> _What you should do_
Quote, word for word, only the lines running from the line with "Girls smart navy" through the end of the listing. Leave out the pictures.
** Opening Data for review block **
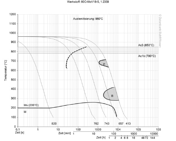 This diagram shows micro-changes over time at different temperatures. These are important in heat treatment because they provide information about the optimal conditions for processes such as hardening, annealing and normalising.
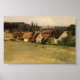 A tranquil setting from Theodore Robinson depicting a quaint European countryside red roofed farmhouse and field.
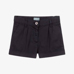 Girls smart navy blue shorts by Il Gufo. Made in smooth woven cotton with front pleats, turned up leg cuffs and two side pockets. They fasten with a zip and button and have an elasticated, adjustable waistband.
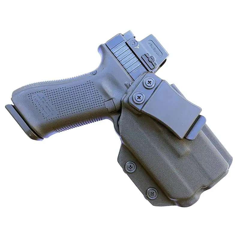 This Inside the Waistband Kydex holster is a light‑bearing design for compact‑frame Glock pistols that share the Glock 19 pattern: Glock 19, 23, 25, and 45. The shell is molded specifically for pistols equipped with an Olight PL‑Mini 2 Valkyrie weapon light. Retention is based on the pistol with the PL‑Mini 2 installed; the holster is not intended for use with bare pistols or other light models.
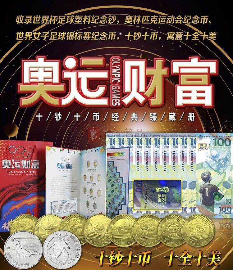 《奥运财富十钞十币经典臻藏册》全国限量发行2021套,真实钞币等面额兑换1010元,收录世界杯足球塑料纪念钞、奥林匹克运动会纪念币,世界女子足球锦标赛纪念币,十钞十币,寓意十全十美。
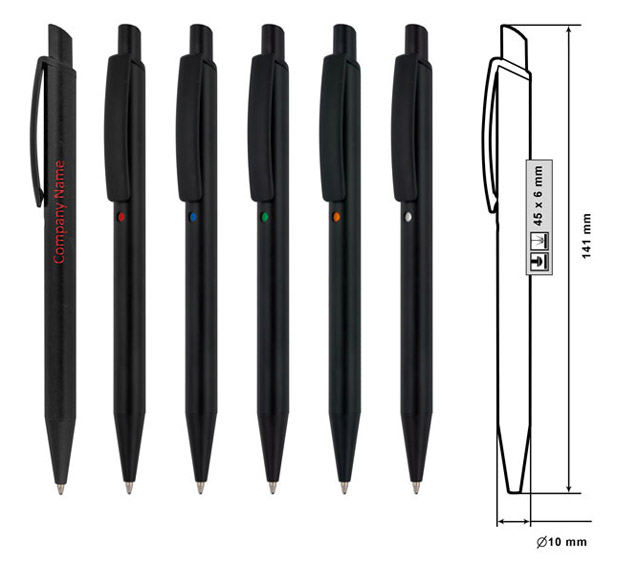 Metal ballpoint pen, plastic Jumbo refill, blue ink.
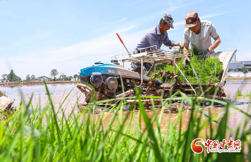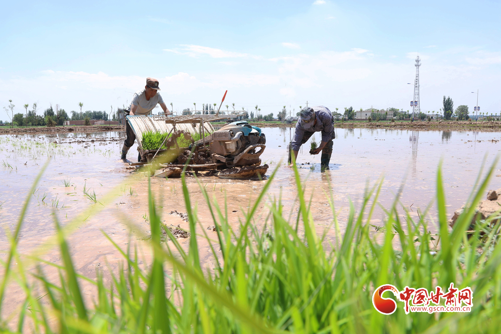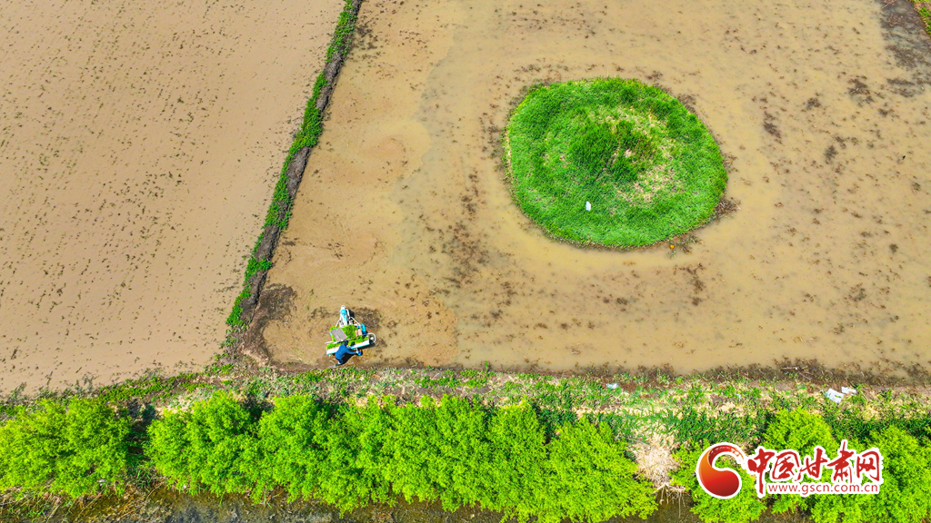 6月5日,祁連山北麓,甘肅省張掖市甘州區(qū)烏江鎮(zhèn)、靖安鄉(xiāng)的稻田里,插秧機(jī)同農(nóng)戶來(lái)回穿梭插秧,2200多畝稻田進(jìn)入了繁忙插播中。
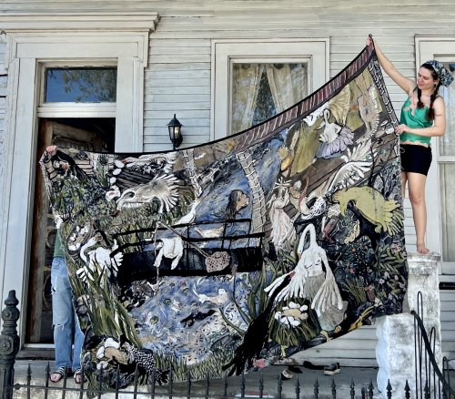 The visceral fragility of smashed eggs, the tension of red threads connecting lovers and mothers to children, and carnivalesque compositions of bird-women – Molly Bertheaud (born in NYC and living in Montreal) uses zoological symbolism and personal mythologies to explore the vulnerability of the heart’s expansion. She melds storytelling, myth, ecology, and mortality, to create narratives about love, desire, responsibility. She is currently pursuing her MFA at Concordia University. In 2023, she was selected for Artch and the residency program at Atelier 43. The McClure Gallery offered her a solo exhibition in 2024.
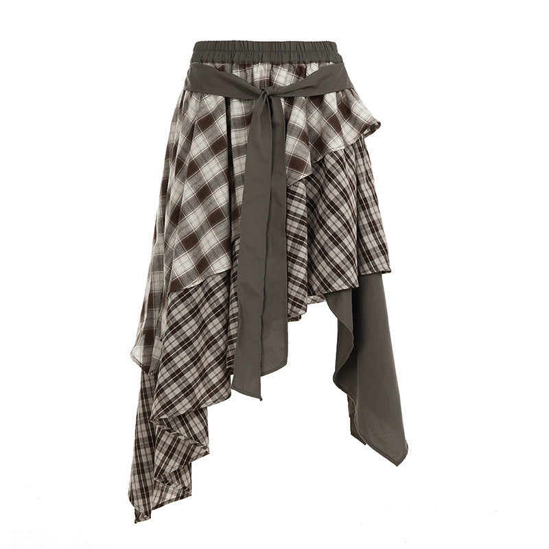 Color Block Plaid Irregular Hem Skirt High Street Spicy Layered Elastic Waist Loose A-Line Casual Long Skirt
** Closing Data for review block **
> _Output below_
 Girls smart navy blue shorts by Il Gufo. Made in smooth woven cotton with front pleats, turned up leg cuffs and two side pockets. They fasten with a zip and button and have an elasticated, adjustable waistband.
 This Inside the Waistband Kydex holster is a light‑bearing design for compact‑frame Glock pistols that share the Glock 19 pattern: Glock 19, 23, 25, and 45. The shell is molded specifically for pistols equipped with an Olight PL‑Mini 2 Valkyrie weapon light. Retention is based on the pistol with the PL‑Mini 2 installed; the holster is not intended for use with bare pistols or other light models.
 《奥运财富十钞十币经典臻藏册》全国限量发行2021套,真实钞币等面额兑换1010元,收录世界杯足球塑料纪念钞、奥林匹克运动会纪念币,世界女子足球锦标赛纪念币,十钞十币,寓意十全十美。
 Metal ballpoint pen, plastic Jumbo refill, blue ink.
 6月5日,祁連山北麓,甘肅省張掖市甘州區(qū)烏江鎮(zhèn)、靖安鄉(xiāng)的稻田里,插秧機(jī)同農(nóng)戶來(lái)回穿梭插秧,2200多畝稻田進(jìn)入了繁忙插播中。
 The visceral fragility of smashed eggs, the tension of red threads connecting lovers and mothers to children, and carnivalesque compositions of bird-women – Molly Bertheaud (born in NYC and living in Montreal) uses zoological symbolism and personal mythologies to explore the vulnerability of the heart’s expansion. She melds storytelling, myth, ecology, and mortality, to create narratives about love, desire, responsibility. She is currently pursuing her MFA at Concordia University. In 2023, she was selected for Artch and the residency program at Atelier 43. The McClure Gallery offered her a solo exhibition in 2024.
 Color Block Plaid Irregular Hem Skirt High Street Spicy Layered Elastic Waist Loose A-Line Casual Long Skirt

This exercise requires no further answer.